Exercise: Restate word for word the lines below from the one that has "Вязаный женский джемпер" through the one that has "De Acrux 10.000", keeping both and dropping all pictures.

Records from a dataset:
-- -- --
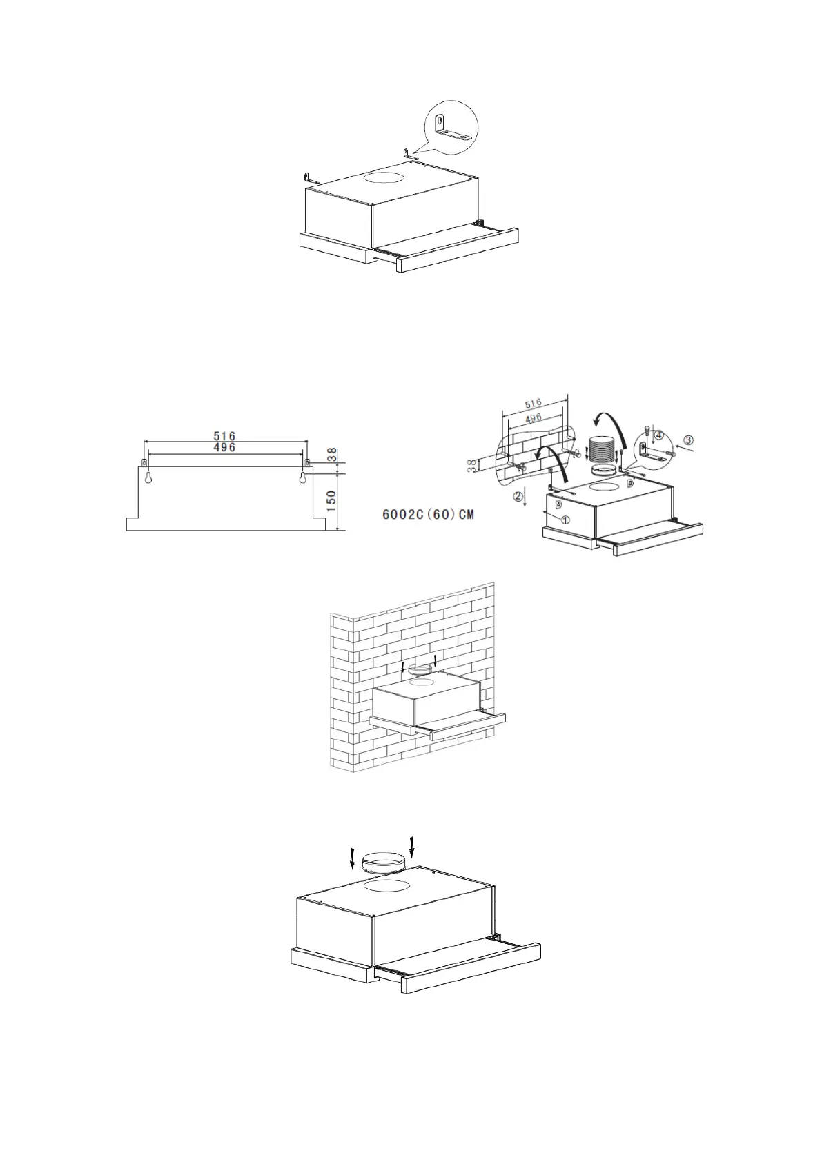 3. Odsávač pár je namontovaný na stenu pomocou 4 skrutiek (4 mm x 30 mm) a
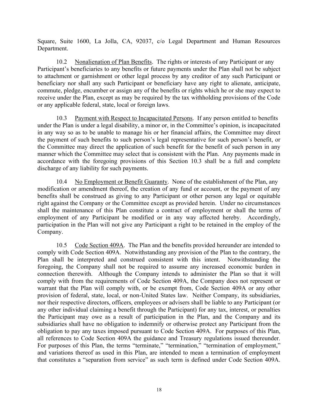 18 Square, Suite 1600, La Jolla, CA, 92037, c/o Legal Department and Human Resources Department. 10.2 Nonalienation of Plan Benefits. The rights or interests of any Participant or any Participant’s beneficiaries to any benefits or future payments under the Plan shall not be subject to attachment or garnishment or other legal process by any creditor of any such Participant or beneficiary nor shall any such Participant or beneficiary have any right to alienate, anticipate, commute, pledge, encumber or assign any of the benefits or rights which he or she may expect to receive under the Plan, except as may be required by the tax withholding provisions of the Code or any applicable federal, state, local or foreign laws. 10.3 Payment with Respect to Incapacitated Persons. If any person entitled to benefits under the Plan is under a legal disability, a minor or, in the Committee’s opinion, is incapacitated in any way so as to be unable to manage his or her financial affairs, the Committee may direct the payment of such benefits to such person’s legal representative for such person’s benefit, or the Committee may direct the application of such benefit for the benefit of such person in any manner which the Committee may select that is consistent with the Plan. Any payments made in accordance with the foregoing provisions of this Section 10.3 shall be a full and complete discharge of any liability for such payments. 10.4 No Employment or Benefit Guaranty. None of the establishment of the Plan, any modification or amendment thereof, the creation of any fund or account, or the payment of any benefits shall be construed as giving to any Participant or other person any legal or equitable right against the Company or the Committee except as provided herein. Under no circumstances shall the maintenance of this Plan constitute a contract of employment or shall the terms of employment of any Participant be modified or in any way affected hereby. Accordingly, participation in the Plan will not give any Participant a right to be retained in the employ of the Company. 10.5 Code Section 409A. The Plan and the benefits provided hereunder are intended to comply with Code Section 409A. Notwithstanding any provision of the Plan to the contrary, the Plan shall be interpreted and construed consistent with this intent. Notwithstanding the foregoing, the Company shall not be required to assume any increased economic burden in connection therewith. Although the Company intends to administer the Plan so that it will comply with from the requirements of Code Section 409A, the Company does not represent or warrant that the Plan will comply with, or be exempt from, Code Section 409A or any other provision of federal, state, local, or non-United States law. Neither Company, its subsidiaries, nor their respective directors, officers, employees or advisers shall be liable to any Participant (or any other individual claiming a benefit through the Participant) for any tax, interest, or penalties the Participant may owe as a result of participation in the Plan, and the Company and its subsidiaries shall have no obligation to indemnify or otherwise protect any Participant from the obligation to pay any taxes imposed pursuant to Code Section 409A. For purposes of this Plan, all references to Code Section 409A the guidance and Treasury regulations issued thereunder. For purposes of this Plan, the terms “terminate,” “termination,” “termination of employment,” and variations thereof as used in this Plan, are intended to mean a termination of employment that constitutes a “separation from service” as such term is defined under Code Section 409A.
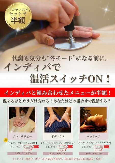 HOME > 新着情報 > キャンペーン > 11月スタート!【インディバ温活キャンペーン】
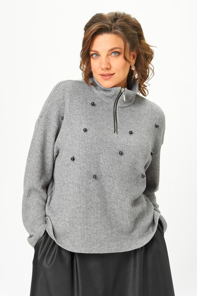Вязаный женский джемпер с воротником-стойкой на молнии - это идеальный выбор для создания стильного и уютного образа в прохладное время года. Изготовленный из мягкого трикотажа, в состав которого входит смесовая вискоза, этот джемпер приятно облегает тело и обеспечивает максимальный комфорт. Свободный прямой крой со спущенной линией плеча создает расслабленный силуэт, который идеально подходит для удобной носки и позволяет свободно двигаться. Длинные рукава добавляют изделию изысканности и стиля, а также защищают от холода. Воротник-стойка на молнии не только добавляет оригинальности, но и позволяет регулировать тепло, что делает этот джемпер универсальным элементом гардероба, а оригинальный декор по переду придаёт образу праздничный вид. Он отлично сочетается как с брюками, так и с юбками, позволяя создавать разнообразные образы для разных случаев.
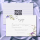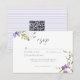 Anuncie seu dia com este cartão de resposta de casamento romântico Jardim de Flores Silvestres de Lavanda com um código QR, apresentando flores delicadas em aquarela em um fundo roxo lavanda claro. Perfeito para um casamento de jardim na primavera ou verão, este lindo design oferece uma estética caprichosa e natural. Este convite romântico é totalmente personalizável e define um tom suave e adorável para sua celebração. Criado por Simply Farmhouse Press.
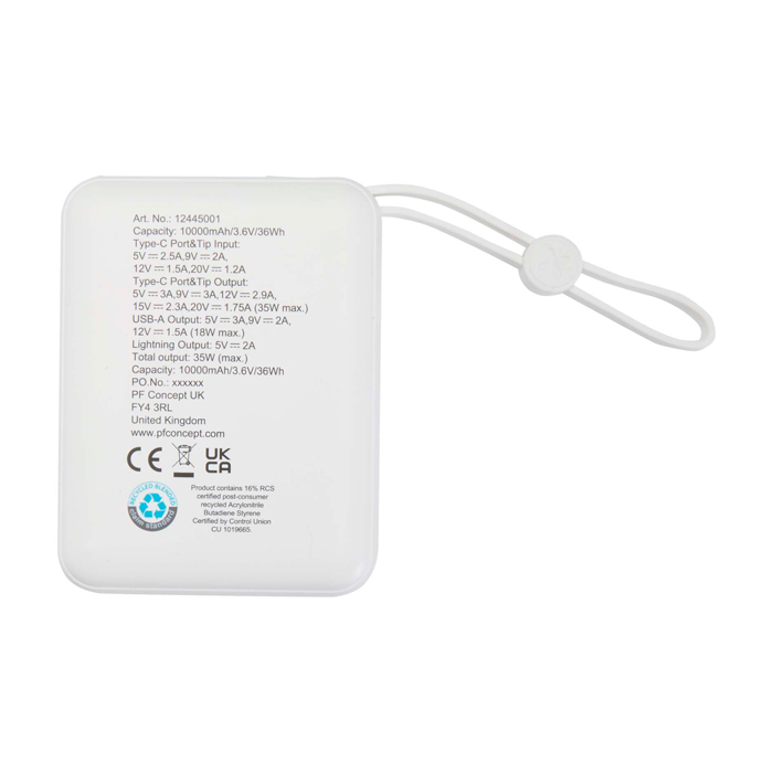 De Acrux 10.000 mAh powerbank is gemaakt van gerecycled plastic en is ontworpen om snel en handig op te laden, waar je ook bent. Hij heeft een 35 W USB-C in/uit-poort en een 18 W USB-A-poort, samen met een ingebouwde USB-C- en Lightning-kabel, zodat je je apparaten kunt opladen zonder dat je extra accessoires nodig hebt. Een digitaal display toont het oplaadpercentage in één oogopslag, zodat je gemakkelijk het batterijniveau kunt controleren. Perfect om smartphones en tablets de hele dag van stroom te voorzien.
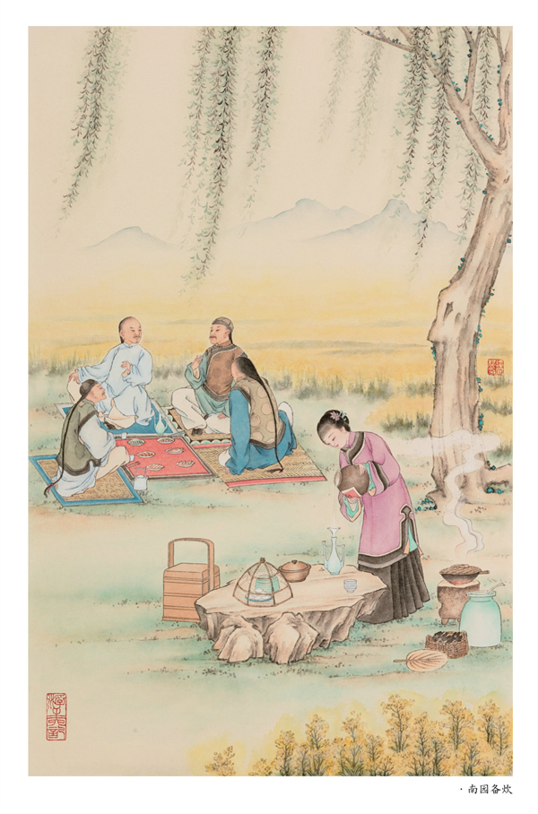 這套圖斷斷續(xù)續(xù)畫了四五年,本想去蘇州、無錫實地考察一番,但因身體和疫情原因一直未成行,中間生病又中斷了一段時間,幾次易稿。期間北京大學教授朱玉琪先生和中國人民大學國學院教授孟憲實先生看過后,提出希望有別于《紅樓夢》,更應側(cè)重于市井平民化的意見,有些部分進行了修改或重繪。老朋友章慎生先生去蘇州出差,拍一些蘇州風貌的照片發(fā)給我作素材參考。畫稿還得到了中國工筆畫學會原常務副會長、《紅樓夢》郵票設計者蕭玉田先生的指導。老先生對一些構(gòu)圖細節(jié)進行了指教,我受益良多。中國紅樓夢學會會長張慶善先生,多年來一直在工作和學習中給予我支持關照,也見證了我的成長,對于這次的作品,提出了中肯的意見,并答應幫我寫序言。我特意請沈陽大學文化傳媒學院的孫熙春師弟為此書篆刻印鑒兩方,一方為“浮生六記”四字,一方為馮老《枕上再題曹雪芹家世》詩中的一句“楝樹花開終結(jié)子”作為終結(jié)。另外我愛人王金亮先生,對我大力支持,承擔了家里的一應事情,使我能心無旁騖地專心做事。
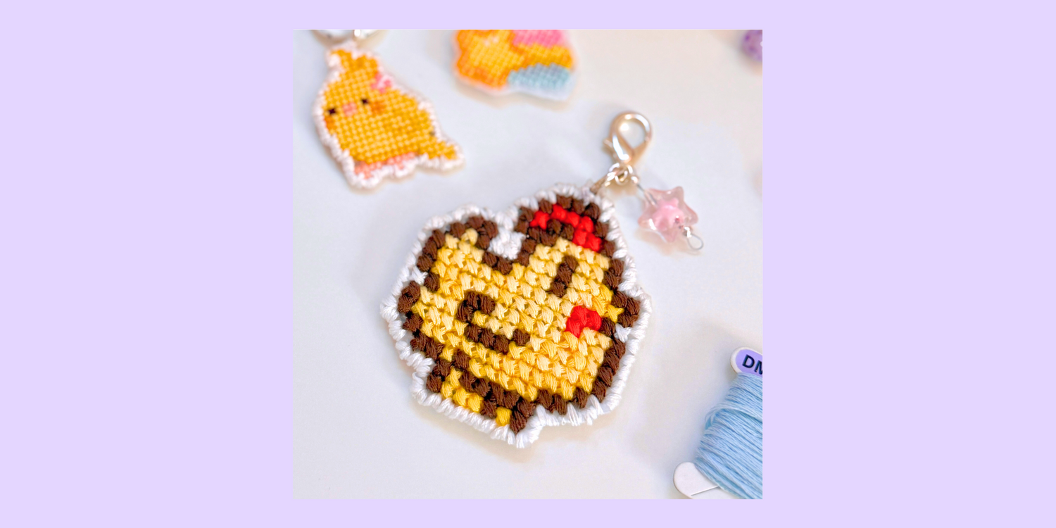 You will receive a zip file containing the pattern and a keychain tutorial guide. The finished design is 15 x 16 stitches and uses 5 floss colors.
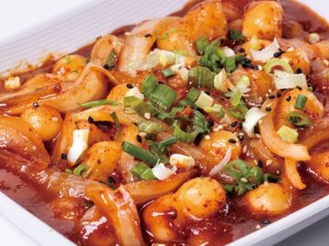 Rice cakes simmered in a sweet and spicy house gochujang sauce with vegetables
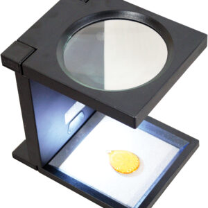 A hands free 110mm lens with 2.5 x magnification, this magnifier is based on the original linen tester style magnifier. Fitted with 2 x LED lights to offer brightness when in use. This magnifier requires 3 x AAA batteries (not supplied) and is easily workable with an on/off switch. The edges are fitted with ruling edges of up to 10cm or 4 inches, which can be useful for working on a range of projects. The free standing design makes it a sturdy option when mounted on a steady surface such as a table top. Another helpful feature of this magnifier is that it is foldable to pocket size.
-- -- --
Reply:
Вязаный женский джемпер с воротником-стойкой на молнии - это идеальный выбор для создания стильного и уютного образа в прохладное время года. Изготовленный из мягкого трикотажа, в состав которого входит смесовая вискоза, этот джемпер приятно облегает тело и обеспечивает максимальный комфорт. Свободный прямой крой со спущенной линией плеча создает расслабленный силуэт, который идеально подходит для удобной носки и позволяет свободно двигаться. Длинные рукава добавляют изделию изысканности и стиля, а также защищают от холода. Воротник-стойка на молнии не только добавляет оригинальности, но и позволяет регулировать тепло, что делает этот джемпер универсальным элементом гардероба, а оригинальный декор по переду придаёт образу праздничный вид. Он отлично сочетается как с брюками, так и с юбками, позволяя создавать разнообразные образы для разных случаев.
 Anuncie seu dia com este cartão de resposta de casamento romântico Jardim de Flores Silvestres de Lavanda com um código QR, apresentando flores delicadas em aquarela em um fundo roxo lavanda claro. Perfeito para um casamento de jardim na primavera ou verão, este lindo design oferece uma estética caprichosa e natural. Este convite romântico é totalmente personalizável e define um tom suave e adorável para sua celebração. Criado por Simply Farmhouse Press.
 De Acrux 10.000 mAh powerbank is gemaakt van gerecycled plastic en is ontworpen om snel en handig op te laden, waar je ook bent. Hij heeft een 35 W USB-C in/uit-poort en een 18 W USB-A-poort, samen met een ingebouwde USB-C- en Lightning-kabel, zodat je je apparaten kunt opladen zonder dat je extra accessoires nodig hebt. Een digitaal display toont het oplaadpercentage in één oogopslag, zodat je gemakkelijk het batterijniveau kunt controleren. Perfect om smartphones en tablets de hele dag van stroom te voorzien.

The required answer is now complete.